6.INDIA'S DIPLOMATIC STRATEGY TO ENGAGE IN CONNECTIVITY DIPLOMACY WITH


THE US UNDER THE BLUE DOT NETWORK
 The US in 2020 proposed that India should join the Blue Dot Network (BDN). The network was
announced by the US in 2019 and is designed to certify infrastructure projects. It will provide
certification of projects being market-driven, financially sustainable and transparent.
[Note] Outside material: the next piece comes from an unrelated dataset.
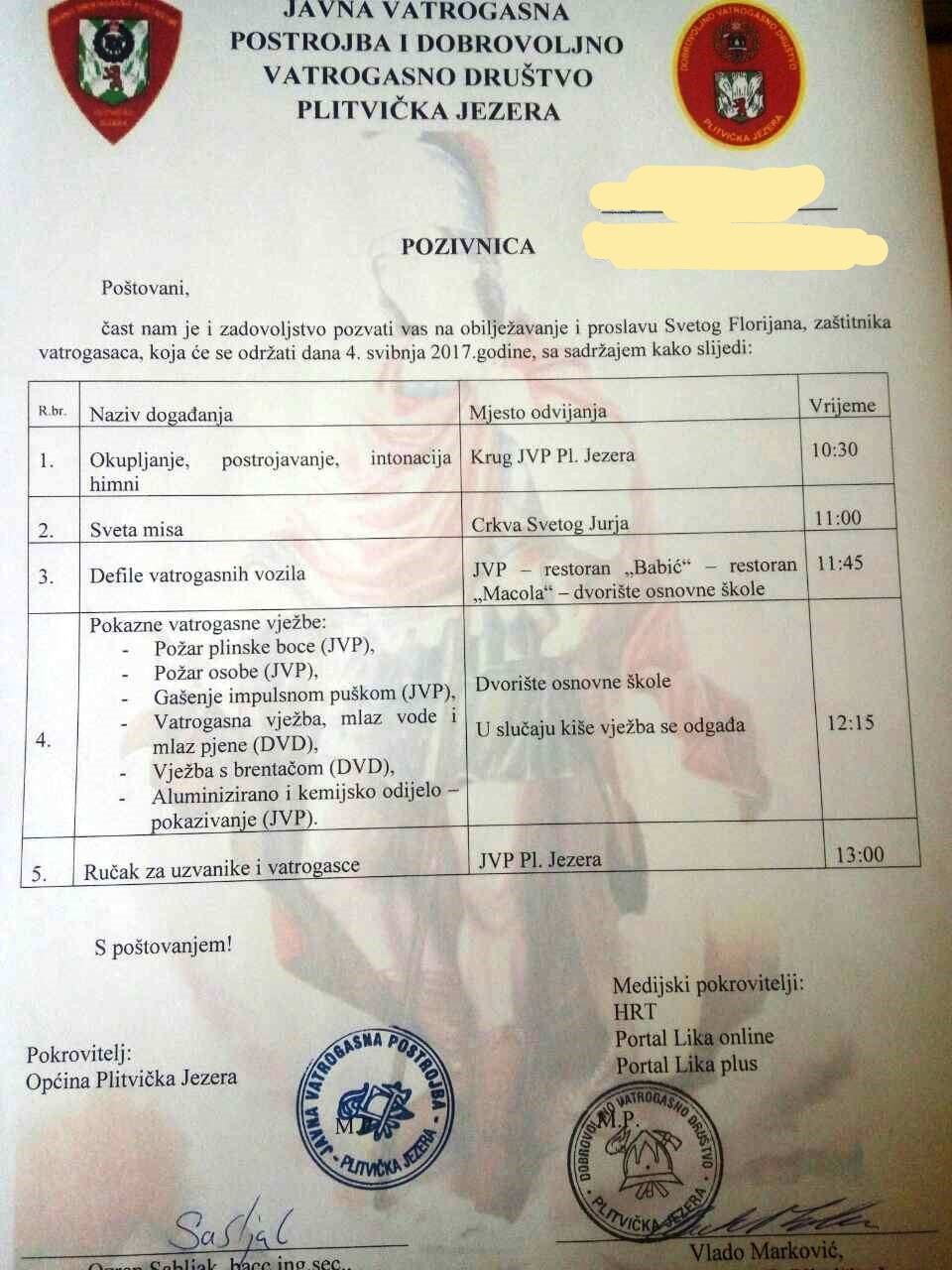 Pozivamo sve građane općine Plitvička Jezera da svojom nazočnošću svetoj misi i promatranjem izvođenja vježbe u dvorištu Osnovne škole dr. Franjo Tuđman u Korenici uveličaju ovaj događaj.

 Even though, as of now the network is merely a vision statement, but the fact that Australia and
Japan have joined it, despite being largest trading partners of China, says something about the
network. The prime idea of the network is to mount a multilateral pressure on Chinese Belt and
Road Initiative (BRI).
7.INDIA'S DIPLOMATIC STRATEGY TO ENGAGE IN NUCLEAR DIPLOMACY WITH THE
US
 The nuclear deal signifies a quantum leap in the relations from suspicion during partnership in
the 21* century. One of the key structural determinants of the US-India Entente has been the
economic regeneration of India since the end of the Cold War. The US did not envisage any
comprehensive alternative to the goal of nuclear non-proliferation yet wanted to improve
relations with India.
 To tackle this challenge, the Bush administration, by giving India the nuclear deal, has
successfully incorporated India into the global nuclear order and has encouraged India to
emerge as a great power in the future. Thus, shifts in the global balance of power have
encouraged the US and India to reorient their foreign policies and the nuclear deal is the most
important symbol of this new partnership. Let us try to analyse that how did the nuclear deal
eventually happen. The entire deal can be broken down into 25 steps.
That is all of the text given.